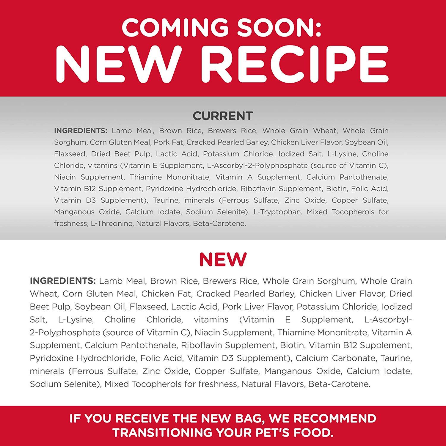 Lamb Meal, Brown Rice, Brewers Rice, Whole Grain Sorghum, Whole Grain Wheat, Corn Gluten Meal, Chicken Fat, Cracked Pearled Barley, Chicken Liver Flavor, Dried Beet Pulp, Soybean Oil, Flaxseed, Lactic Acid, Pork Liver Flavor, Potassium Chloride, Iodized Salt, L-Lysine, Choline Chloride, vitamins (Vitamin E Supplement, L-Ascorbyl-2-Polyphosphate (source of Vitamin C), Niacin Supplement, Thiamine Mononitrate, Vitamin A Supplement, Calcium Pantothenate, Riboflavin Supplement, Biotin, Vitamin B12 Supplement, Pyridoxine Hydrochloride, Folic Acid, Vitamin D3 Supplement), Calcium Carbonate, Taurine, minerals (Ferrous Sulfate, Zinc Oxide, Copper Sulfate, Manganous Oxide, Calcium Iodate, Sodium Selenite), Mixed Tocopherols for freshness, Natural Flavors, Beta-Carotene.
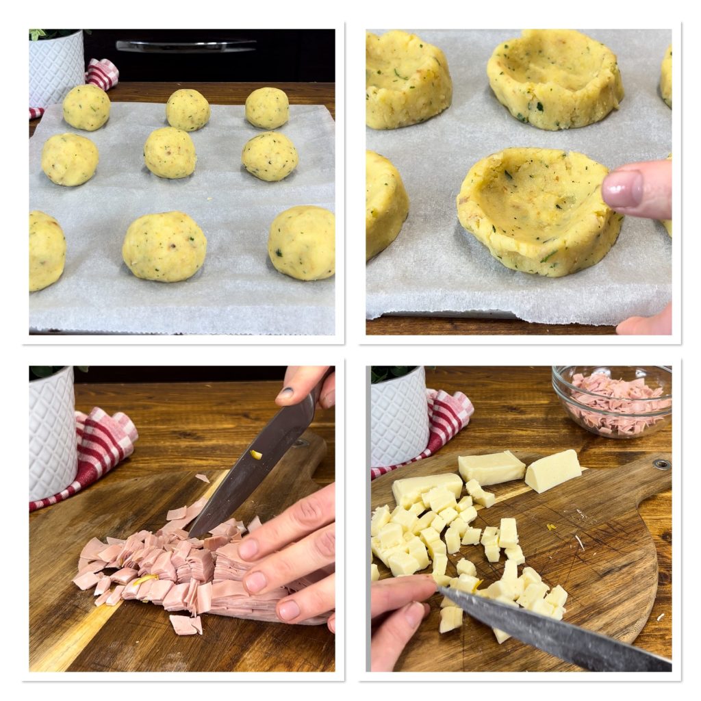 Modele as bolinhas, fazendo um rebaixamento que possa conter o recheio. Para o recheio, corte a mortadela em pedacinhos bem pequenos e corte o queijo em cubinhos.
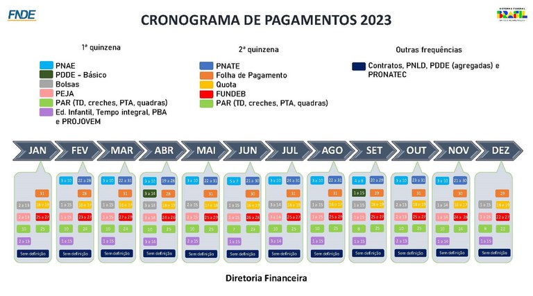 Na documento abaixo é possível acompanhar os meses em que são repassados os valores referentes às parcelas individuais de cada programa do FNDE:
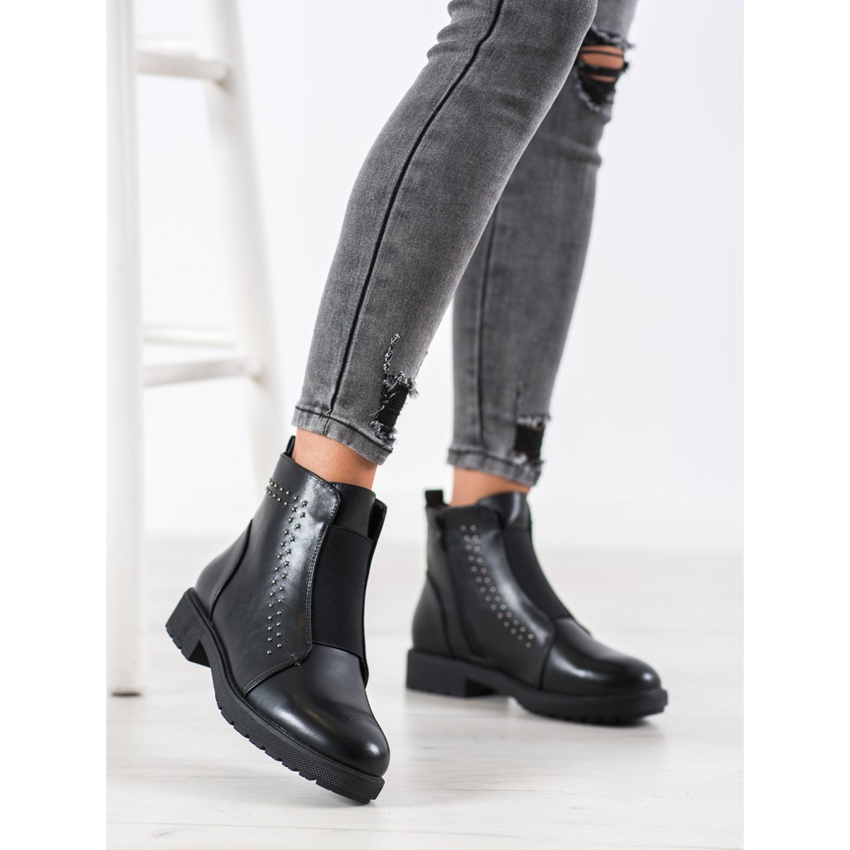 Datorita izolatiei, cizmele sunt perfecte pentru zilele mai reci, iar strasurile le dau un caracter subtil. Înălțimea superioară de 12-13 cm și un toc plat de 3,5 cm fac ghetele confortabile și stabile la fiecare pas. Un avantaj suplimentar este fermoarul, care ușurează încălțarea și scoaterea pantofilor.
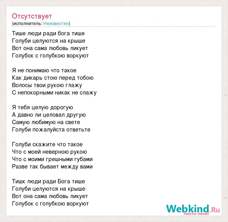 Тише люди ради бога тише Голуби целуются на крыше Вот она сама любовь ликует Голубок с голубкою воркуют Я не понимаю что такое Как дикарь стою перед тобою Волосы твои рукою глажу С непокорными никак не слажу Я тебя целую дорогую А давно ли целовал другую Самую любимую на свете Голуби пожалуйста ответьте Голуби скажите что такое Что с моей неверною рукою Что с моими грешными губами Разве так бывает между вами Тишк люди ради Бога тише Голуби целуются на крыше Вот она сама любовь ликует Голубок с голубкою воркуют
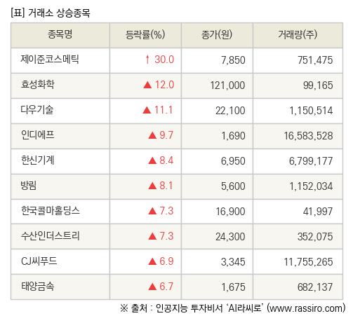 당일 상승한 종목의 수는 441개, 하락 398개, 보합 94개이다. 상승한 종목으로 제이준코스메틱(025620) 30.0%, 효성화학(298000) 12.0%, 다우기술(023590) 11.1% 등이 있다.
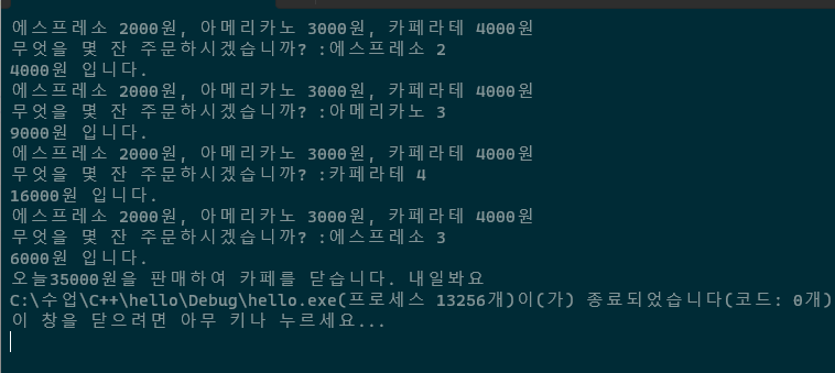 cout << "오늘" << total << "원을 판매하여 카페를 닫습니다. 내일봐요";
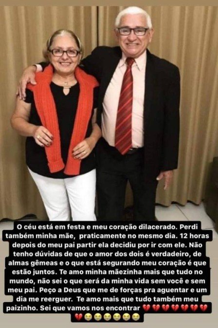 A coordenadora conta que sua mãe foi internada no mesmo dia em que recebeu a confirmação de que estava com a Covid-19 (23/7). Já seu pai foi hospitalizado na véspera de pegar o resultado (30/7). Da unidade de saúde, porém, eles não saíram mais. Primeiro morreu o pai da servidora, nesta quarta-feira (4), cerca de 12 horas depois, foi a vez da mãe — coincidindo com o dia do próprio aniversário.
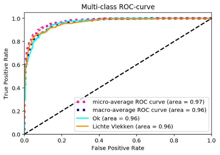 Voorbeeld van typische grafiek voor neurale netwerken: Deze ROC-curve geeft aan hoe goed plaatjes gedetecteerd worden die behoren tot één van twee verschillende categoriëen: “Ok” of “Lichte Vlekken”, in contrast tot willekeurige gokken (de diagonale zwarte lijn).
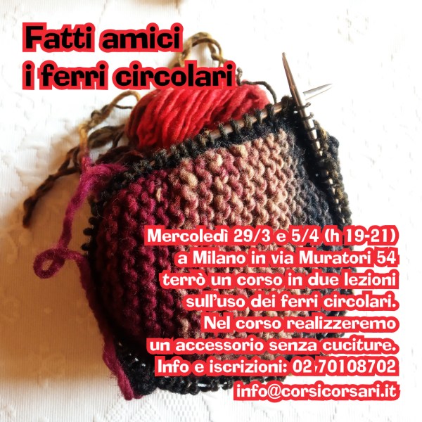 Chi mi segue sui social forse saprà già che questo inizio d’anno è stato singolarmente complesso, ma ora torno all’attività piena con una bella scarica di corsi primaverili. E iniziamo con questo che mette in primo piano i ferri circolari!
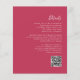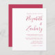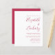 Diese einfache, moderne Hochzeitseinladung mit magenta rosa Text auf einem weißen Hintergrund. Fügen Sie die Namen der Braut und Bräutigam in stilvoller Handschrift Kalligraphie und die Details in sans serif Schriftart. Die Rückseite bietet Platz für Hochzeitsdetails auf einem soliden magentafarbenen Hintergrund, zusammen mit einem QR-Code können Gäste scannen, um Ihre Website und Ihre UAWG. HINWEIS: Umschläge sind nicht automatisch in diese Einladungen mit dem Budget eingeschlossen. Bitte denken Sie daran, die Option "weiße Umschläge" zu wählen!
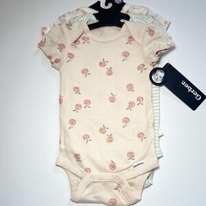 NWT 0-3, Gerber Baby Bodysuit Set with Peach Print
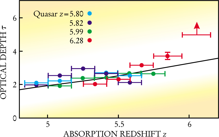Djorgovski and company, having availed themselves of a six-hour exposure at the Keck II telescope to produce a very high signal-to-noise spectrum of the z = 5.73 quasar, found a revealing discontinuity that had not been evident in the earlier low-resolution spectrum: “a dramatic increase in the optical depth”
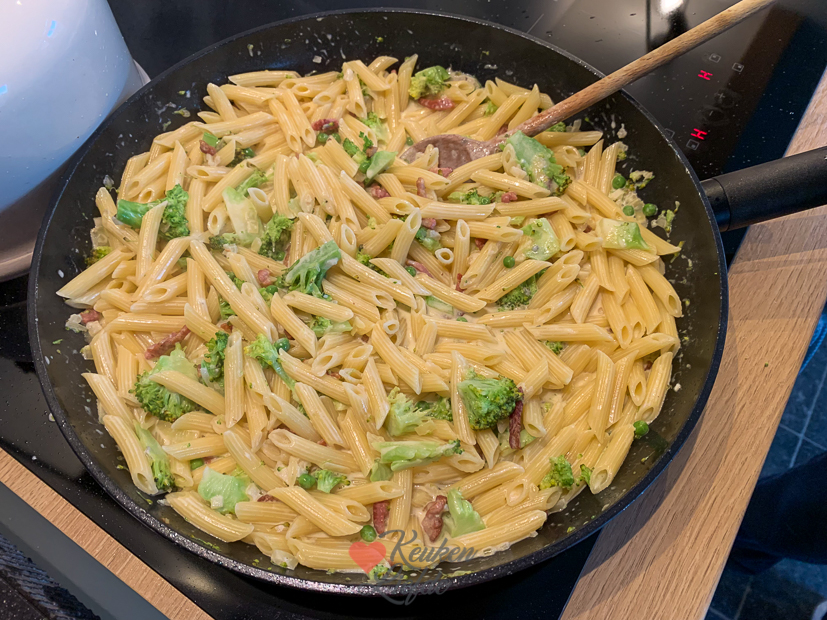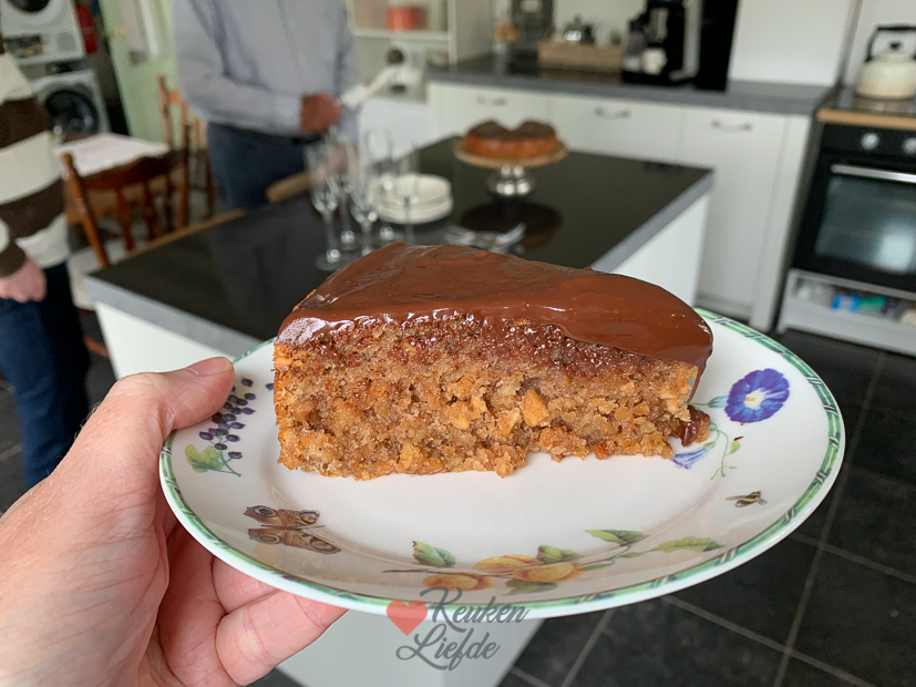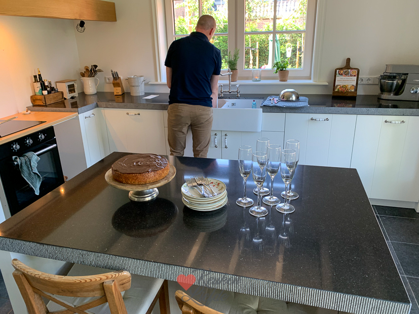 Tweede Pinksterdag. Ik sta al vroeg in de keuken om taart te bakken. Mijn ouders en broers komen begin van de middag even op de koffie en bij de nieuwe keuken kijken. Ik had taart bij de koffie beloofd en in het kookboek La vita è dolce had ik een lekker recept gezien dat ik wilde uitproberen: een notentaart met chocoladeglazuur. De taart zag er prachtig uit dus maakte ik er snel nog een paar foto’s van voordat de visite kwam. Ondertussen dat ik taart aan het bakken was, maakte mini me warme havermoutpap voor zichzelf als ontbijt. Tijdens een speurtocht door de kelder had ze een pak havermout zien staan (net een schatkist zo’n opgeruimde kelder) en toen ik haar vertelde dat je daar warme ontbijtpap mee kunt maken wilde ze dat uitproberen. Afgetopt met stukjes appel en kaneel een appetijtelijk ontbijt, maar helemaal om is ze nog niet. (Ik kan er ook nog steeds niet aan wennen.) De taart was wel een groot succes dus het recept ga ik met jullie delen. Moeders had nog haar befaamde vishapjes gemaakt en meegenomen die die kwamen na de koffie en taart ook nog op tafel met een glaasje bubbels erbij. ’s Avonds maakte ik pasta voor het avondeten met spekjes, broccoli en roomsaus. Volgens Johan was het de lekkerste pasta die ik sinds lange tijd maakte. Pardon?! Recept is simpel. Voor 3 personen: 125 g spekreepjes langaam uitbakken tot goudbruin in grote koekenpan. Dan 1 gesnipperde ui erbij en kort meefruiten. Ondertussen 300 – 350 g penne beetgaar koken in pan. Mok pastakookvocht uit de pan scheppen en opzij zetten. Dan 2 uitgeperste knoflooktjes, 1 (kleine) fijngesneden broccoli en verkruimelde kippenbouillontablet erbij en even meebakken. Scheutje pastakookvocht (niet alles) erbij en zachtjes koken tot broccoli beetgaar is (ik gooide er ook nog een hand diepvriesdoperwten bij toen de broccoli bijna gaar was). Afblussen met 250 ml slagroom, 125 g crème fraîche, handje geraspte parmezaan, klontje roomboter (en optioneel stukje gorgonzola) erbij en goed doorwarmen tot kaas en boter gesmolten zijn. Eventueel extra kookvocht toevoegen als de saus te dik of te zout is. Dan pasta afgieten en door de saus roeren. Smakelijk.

+ + + + + + +

▸ ABOUT THIS TASK
Quote the listing above in full, except for the pictures.

▸ ANSWER TO THIS TASK
 Lamb Meal, Brown Rice, Brewers Rice, Whole Grain Sorghum, Whole Grain Wheat, Corn Gluten Meal, Chicken Fat, Cracked Pearled Barley, Chicken Liver Flavor, Dried Beet Pulp, Soybean Oil, Flaxseed, Lactic Acid, Pork Liver Flavor, Potassium Chloride, Iodized Salt, L-Lysine, Choline Chloride, vitamins (Vitamin E Supplement, L-Ascorbyl-2-Polyphosphate (source of Vitamin C), Niacin Supplement, Thiamine Mononitrate, Vitamin A Supplement, Calcium Pantothenate, Riboflavin Supplement, Biotin, Vitamin B12 Supplement, Pyridoxine Hydrochloride, Folic Acid, Vitamin D3 Supplement), Calcium Carbonate, Taurine, minerals (Ferrous Sulfate, Zinc Oxide, Copper Sulfate, Manganous Oxide, Calcium Iodate, Sodium Selenite), Mixed Tocopherols for freshness, Natural Flavors, Beta-Carotene.
 Modele as bolinhas, fazendo um rebaixamento que possa conter o recheio. Para o recheio, corte a mortadela em pedacinhos bem pequenos e corte o queijo em cubinhos.
 Na documento abaixo é possível acompanhar os meses em que são repassados os valores referentes às parcelas individuais de cada programa do FNDE:
 Datorita izolatiei, cizmele sunt perfecte pentru zilele mai reci, iar strasurile le dau un caracter subtil. Înălțimea superioară de 12-13 cm și un toc plat de 3,5 cm fac ghetele confortabile și stabile la fiecare pas. Un avantaj suplimentar este fermoarul, care ușurează încălțarea și scoaterea pantofilor.
 Тише люди ради бога тише Голуби целуются на крыше Вот она сама любовь ликует Голубок с голубкою воркуют Я не понимаю что такое Как дикарь стою перед тобою Волосы твои рукою глажу С непокорными никак не слажу Я тебя целую дорогую А давно ли целовал другую Самую любимую на свете Голуби пожалуйста ответьте Голуби скажите что такое Что с моей неверною рукою Что с моими грешными губами Разве так бывает между вами Тишк люди ради Бога тише Голуби целуются на крыше Вот она сама любовь ликует Голубок с голубкою воркуют
 당일 상승한 종목의 수는 441개, 하락 398개, 보합 94개이다. 상승한 종목으로 제이준코스메틱(025620) 30.0%, 효성화학(298000) 12.0%, 다우기술(023590) 11.1% 등이 있다.
 cout << "오늘" << total << "원을 판매하여 카페를 닫습니다. 내일봐요";
 A coordenadora conta que sua mãe foi internada no mesmo dia em que recebeu a confirmação de que estava com a Covid-19 (23/7). Já seu pai foi hospitalizado na véspera de pegar o resultado (30/7). Da unidade de saúde, porém, eles não saíram mais. Primeiro morreu o pai da servidora, nesta quarta-feira (4), cerca de 12 horas depois, foi a vez da mãe — coincidindo com o dia do próprio aniversário.
 Voorbeeld van typische grafiek voor neurale netwerken: Deze ROC-curve geeft aan hoe goed plaatjes gedetecteerd worden die behoren tot één van twee verschillende categoriëen: “Ok” of “Lichte Vlekken”, in contrast tot willekeurige gokken (de diagonale zwarte lijn).
 Chi mi segue sui social forse saprà già che questo inizio d’anno è stato singolarmente complesso, ma ora torno all’attività piena con una bella scarica di corsi primaverili. E iniziamo con questo che mette in primo piano i ferri circolari!
 Diese einfache, moderne Hochzeitseinladung mit magenta rosa Text auf einem weißen Hintergrund. Fügen Sie die Namen der Braut und Bräutigam in stilvoller Handschrift Kalligraphie und die Details in sans serif Schriftart. Die Rückseite bietet Platz für Hochzeitsdetails auf einem soliden magentafarbenen Hintergrund, zusammen mit einem QR-Code können Gäste scannen, um Ihre Website und Ihre UAWG. HINWEIS: Umschläge sind nicht automatisch in diese Einladungen mit dem Budget eingeschlossen. Bitte denken Sie daran, die Option "weiße Umschläge" zu wählen!
 NWT 0-3, Gerber Baby Bodysuit Set with Peach Print
Djorgovski and company, having availed themselves of a six-hour exposure at the Keck II telescope to produce a very high signal-to-noise spectrum of the z = 5.73 quasar, found a revealing discontinuity that had not been evident in the earlier low-resolution spectrum: “a dramatic increase in the optical depth”
 Tweede Pinksterdag. Ik sta al vroeg in de keuken om taart te bakken. Mijn ouders en broers komen begin van de middag even op de koffie en bij de nieuwe keuken kijken. Ik had taart bij de koffie beloofd en in het kookboek La vita è dolce had ik een lekker recept gezien dat ik wilde uitproberen: een notentaart met chocoladeglazuur. De taart zag er prachtig uit dus maakte ik er snel nog een paar foto’s van voordat de visite kwam. Ondertussen dat ik taart aan het bakken was, maakte mini me warme havermoutpap voor zichzelf als ontbijt. Tijdens een speurtocht door de kelder had ze een pak havermout zien staan (net een schatkist zo’n opgeruimde kelder) en toen ik haar vertelde dat je daar warme ontbijtpap mee kunt maken wilde ze dat uitproberen. Afgetopt met stukjes appel en kaneel een appetijtelijk ontbijt, maar helemaal om is ze nog niet. (Ik kan er ook nog steeds niet aan wennen.) De taart was wel een groot succes dus het recept ga ik met jullie delen. Moeders had nog haar befaamde vishapjes gemaakt en meegenomen die die kwamen na de koffie en taart ook nog op tafel met een glaasje bubbels erbij. ’s Avonds maakte ik pasta voor het avondeten met spekjes, broccoli en roomsaus. Volgens Johan was het de lekkerste pasta die ik sinds lange tijd maakte. Pardon?! Recept is simpel. Voor 3 personen: 125 g spekreepjes langaam uitbakken tot goudbruin in grote koekenpan. Dan 1 gesnipperde ui erbij en kort meefruiten. Ondertussen 300 – 350 g penne beetgaar koken in pan. Mok pastakookvocht uit de pan scheppen en opzij zetten. Dan 2 uitgeperste knoflooktjes, 1 (kleine) fijngesneden broccoli en verkruimelde kippenbouillontablet erbij en even meebakken. Scheutje pastakookvocht (niet alles) erbij en zachtjes koken tot broccoli beetgaar is (ik gooide er ook nog een hand diepvriesdoperwten bij toen de broccoli bijna gaar was). Afblussen met 250 ml slagroom, 125 g crème fraîche, handje geraspte parmezaan, klontje roomboter (en optioneel stukje gorgonzola) erbij en goed doorwarmen tot kaas en boter gesmolten zijn. Eventueel extra kookvocht toevoegen als de saus te dik of te zout is. Dan pasta afgieten en door de saus roeren. Smakelijk.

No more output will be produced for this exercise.